The Oscar Pistorius trial is almost over with the verdict set to come next week.
South Africa doesn’t have jury trials, so it’s up to Judge Thokozile Masipa, who will render her verdict on September 11
It turns out, even if Pistorius is found guilty of a lesser murder charge than premeditated murder–which would land him at least 25 years in prison–then he could avoid jail altogether.
Pistorius has admitted to killing his girlfriend Reeva Steenkamp, but has insisted that he mistook her for an intruder.
The circumstances lead to four possible outcomes for Masipa to choose from.
First, Masipa must decide whether Pistorius actually believed there was an intruder in the house. If she decides yes, then he’s guilty of culpable homicide.
She then must then decide whether Pistorius’s actions were reasonable or not. If she decides that his actions were reasonable, then he is not guilty, and he will be acquitted. If she decides that his actions were not reasonable, then he is guilty of culpable homicide, based on negligent or reckless discharge of his 9mm pistol into the bathroom door, which carries a potential sentence of up to 15 years in prison.

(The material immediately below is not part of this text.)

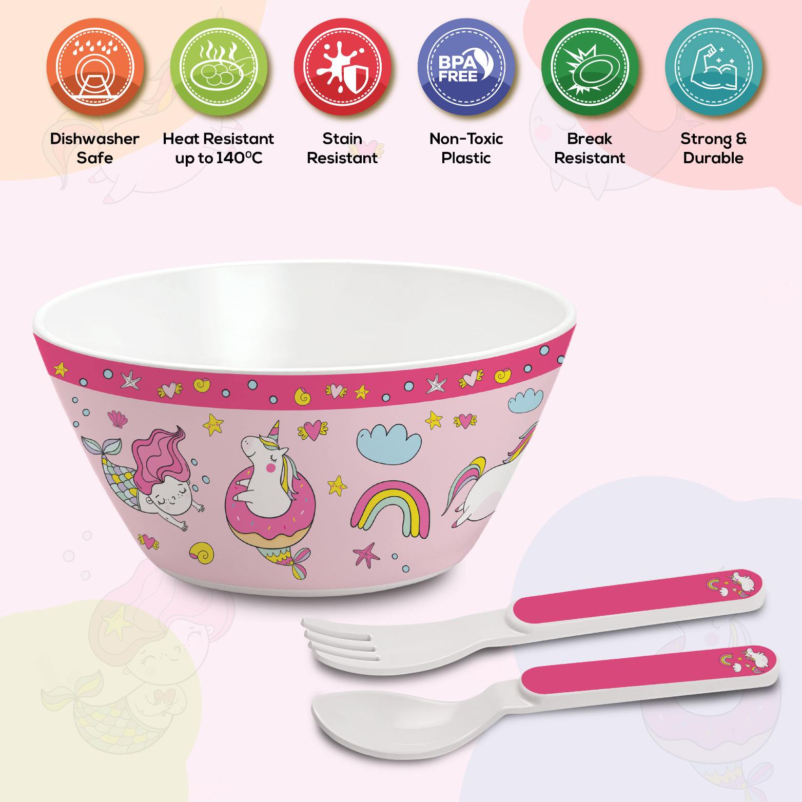- 🎨 Cool Prints: Specially made for kids, our bowl set features cool colors and attractive prints, making mealtime fun and encouraging self-feeding.

If Masipa, on the other hand, decides that Pistorius is lying about believing there was an intruder in the home, then that means Pistorius is guilty of murder. The judge will have to decide whether it was premeditated, or, in other words, whether he planned it.
If Masipa decides that Pistorius did plan the murder then he will get at least the minimum sentence for premeditated murder–25 years in prison. If she decides that it was not planned, then Pistorius will get at least 15 years in prison, the minimum sentence for murder for a person with no previous convictions.
William Booth, a criminal lawyer based in Cape Town, notes that in the case of Masipa believing that Pistorius actually did think there was an intruder in the house, then the culpable homicide carries a sentence that is at the judge’s discretion, and there’s “a good chance he may not be imprisoned.”
Stephen Tuson, criminal law adjunct professor at the University of the Witwatersrand in Johannesburg, added to Macleans that Pistorius’ defense team laid the groundwork for an appeal, and also a mistrial.
Lawyer Barry Roux could appeal the verdict on the facts of the case, such as arguing witness evidence was accepted when it should not have been. He could also argue that the live broadcast of the trial constitutes a reviewable irregularity that denied Pistorius a fair trial, Tuson told the media outlet.
Roux hinted at that tactic earlier in the trial.
“We were unable to call a number of witnesses because they refused, and didn’t want their voices heard all over the world,” he said.
But Johannesburg-based lawyer Ulrich Roux said that witnesses actually enjoyed more protection becuase of the live broadcast of the trial. “We do a lot of high-profile cases that get reported on in newspapers. That’s exactly the same as it being broadcast on live television,” he said.
Among the other angles Roux could go for is saying that the live broadcast of the trial caused some of the witnesses to change their stories after watching the trial on television.
“I’m not saying anyone did this, but witnesses could tailor their evidence,” Tuson said, “and if that’s the finding of the court—that Pistorius did not get a fair trial—then it would just start again.”
In any case, the verdict will be coming in about a week, and the analysis will begin anew once the verdict is delivered.